On the morning of his departure he had sat on the edge of his bed, the sunlight streaming through the early mist, the house-martens scratching the back of the ceiling over his head as they scrambled out from the roof for their day's gnat-chasing, the thrushes cracking snails on the garden stones outside with the noisiness of little smiths at work on little anvils. The sun, in sending its rods of yellow fire into his room, sent, as he suddenly thought, mental illumination with it. For the first time, as he sat there, it had crossed his mind that Viviette might have reasons for this separation which he knew not of. There might be family reasons-- mysterious blood necessities which are said to rule members of old musty-mansioned families, and are unknown to other classes of society--and they may have been just now brought before her by her brother Louis on the condition that they were religiously concealed.

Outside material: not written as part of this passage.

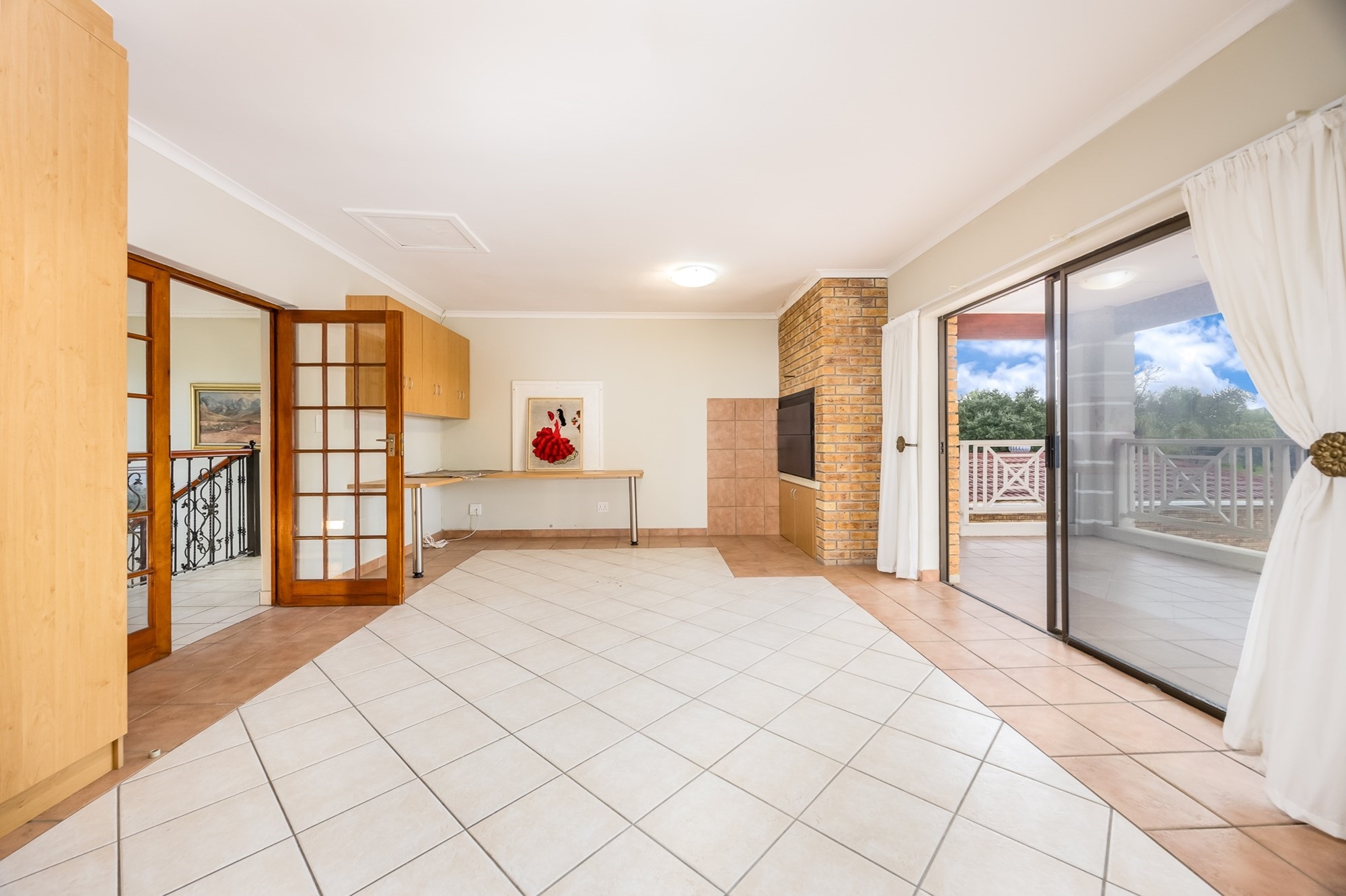 A spacious braai room with indoor braai and stoep is ideal for convivial family gatherings or several other options such an art studio, games room, teenage pad or office. The 8 garages offer ample space for all your vehicles and camping gear. The main manor home also houses a spacious braai room on the upper level with veranda and stunning country vistas, own kitchen and bathroom, which can serve a bachelor flat, and is ideal for overnight staying guests.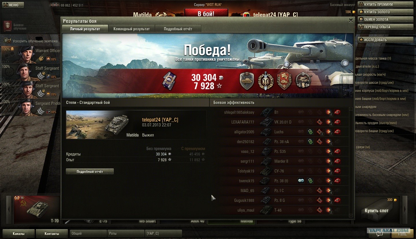Лучший мой бой на матильде, почти 8 тысяч опыта, без према! без голды! осталось 100% жизни smile.gif

The idea that some family skeleton, like those he had read of in memoirs, had been unearthed by Louis, and held before her terrified understanding as a matter which rendered Swithin's departure, and the neutralization of the marriage, no less indispensable to them than it was an advantage to himself, seemed a very plausible one to Swithin just now. Viviette might have taken Louis into her confidence at last, for the sake of his brotherly advice. Swithin knew that of her own heart she would never wish to get rid of him; but coerced by Louis, might she not have grown to entertain views of its expediency? Events made such a supposition on St. Cleeve's part as natural as it was inaccurate, and, conjoined with his own excitement at the thought of seeing a new heaven overhead, influenced him to write but the briefest and most hurried final note to her, in which he fully obeyed her sensitive request that he would omit all reference to his plans. These at the last moment had been modified to fall in with the winter expedition formerly mentioned, to observe the Transit of Venus at a remote southern station.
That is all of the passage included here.